A little over a year ago, Jacinda Ardern became New Zealand’s first ex-Mormon Prime Minister. She has said she left the church (in her 20s) because of its stance on homosexuality. Whatever one thinks of the Mormon Church’s views on sex or the metaphysical, it’s a shame that Ms Ardern has not lead us into paying more attention to how America’s majority-Mormon state (Utah) governs itself. I hope her failure to lead on welfare policy is not because she’s been anxious to deny her heritage. Her party – which once claimed its welfare policy was just Christianity in Action – needs to reform its creation. As originators, Labour are best placed politically to deliver genuine reform.

But why look to her Mormon heritage? Why not? The PM is clearly comfortable with  state sponsorship of religion – last month she gifted $1.9m  to Ratana. Her Ministers happily hand out large sums to repair favoured churches.
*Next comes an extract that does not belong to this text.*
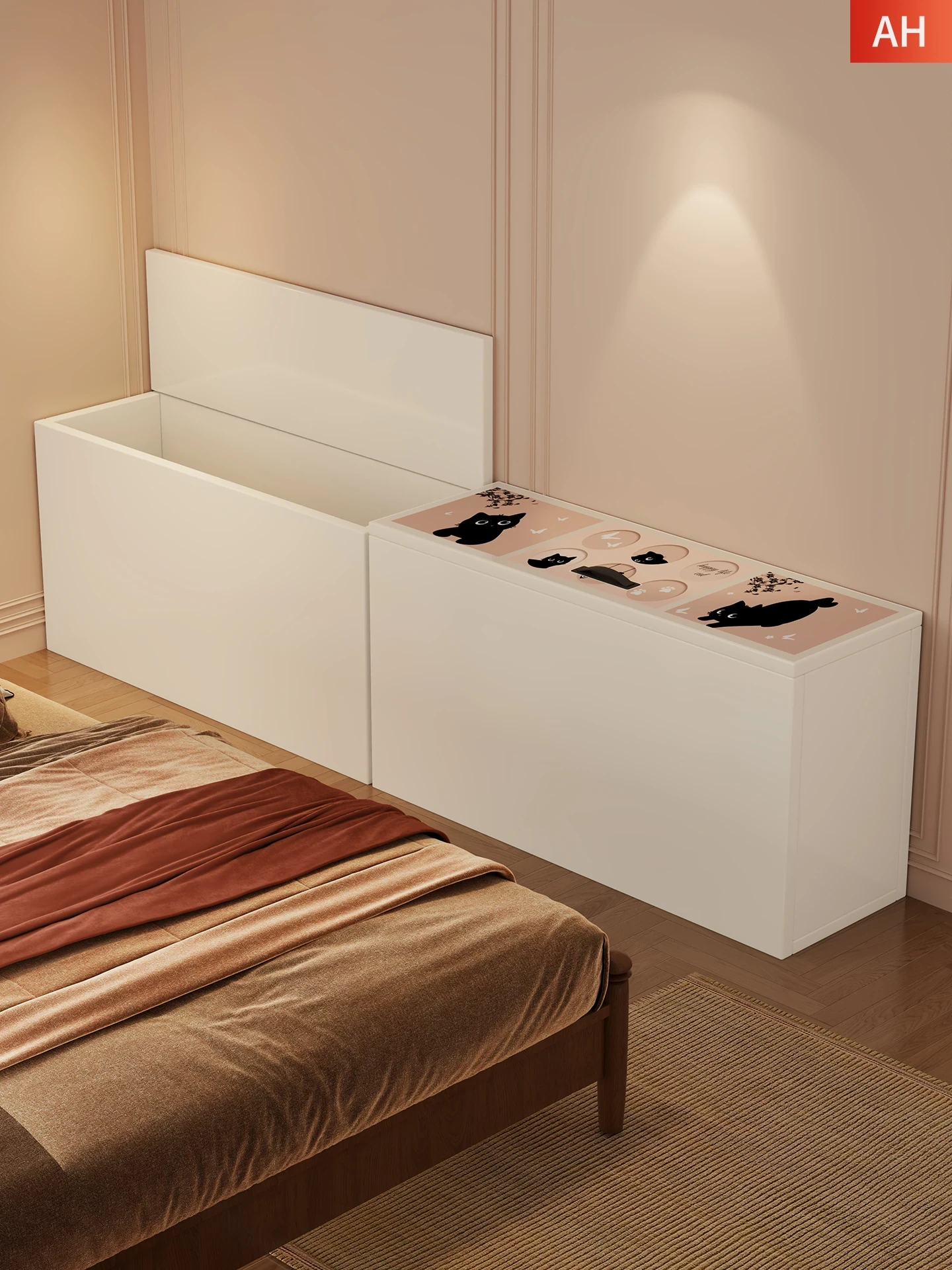 Modern Minimalist Bedside Cabinet - Sleek Long Storage Unit for Bedroom, Perfect for Small Spaces and Tight Corners, Ideal for Organizing Essentials by Your Bed
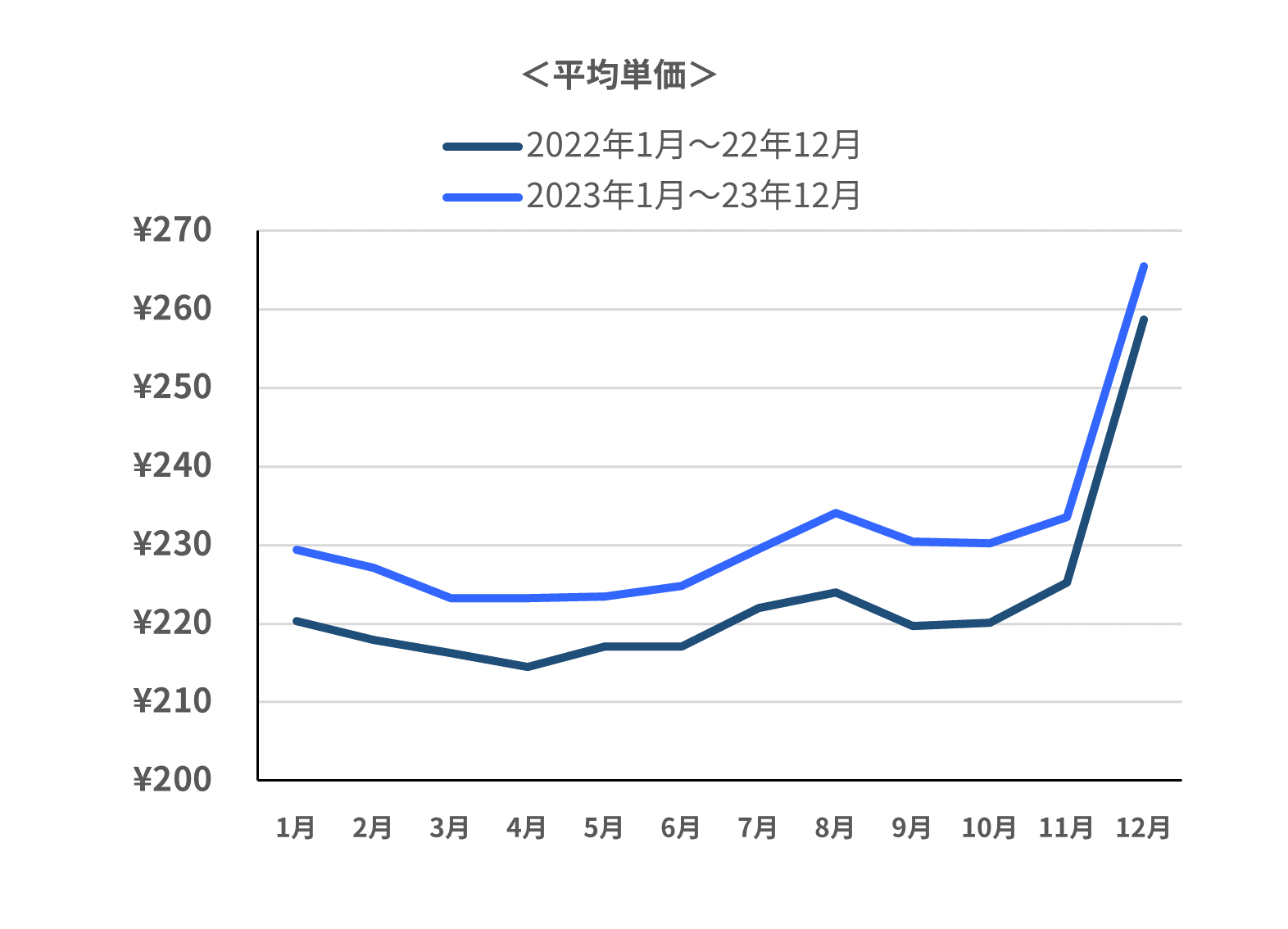 2023年12月のデータを調査した結果、平均購入金額は前年同月比約4.3%(133円)増、前月比約15.1%(421円)増加しています。

Utah is a model for cost-effective government that leverages rather than crowds out civil society. And its social outcomes should be the envy of progressives everywhere. Utah pioneers created their state in a desert no one else wanted. The state now has the highest birth rate in the USA, and the lowest child poverty

31% of the Utah population of around 3 million identify as irreligious, only a little below the US average, and only 40% of Salt Lake City’s people are LDS church members (62% across the state). But they have the USA’s highest proportion of ‘very religious’ people (55%).

Fewer people live below the poverty line in Salt Lake City than in any other major US city. Utah’s capital also boasts the highest levels of upward social mobility anywhere in the US. It has achieved this in spite of miserly public spending, being outspent by almost every other state.

One important reason for its success is that Utah’s government doesn’t seek to displace civil society, but rather relies on it. Welfare programmes are staffed by volunteers, and people in need are referred to other members of the community who might be able to assist. Utah’s bureaucrats focus on ensuring that community resources are engaged to support their efforts. This stands in stark contrast to the left’s complaints that philanthropy undermines democracy and threatens the welfare state. A journalist meeting with officials in Utah noted that they were surprisingly cheerful and, uniquely in her experience, didn’t complain of a lack of resources.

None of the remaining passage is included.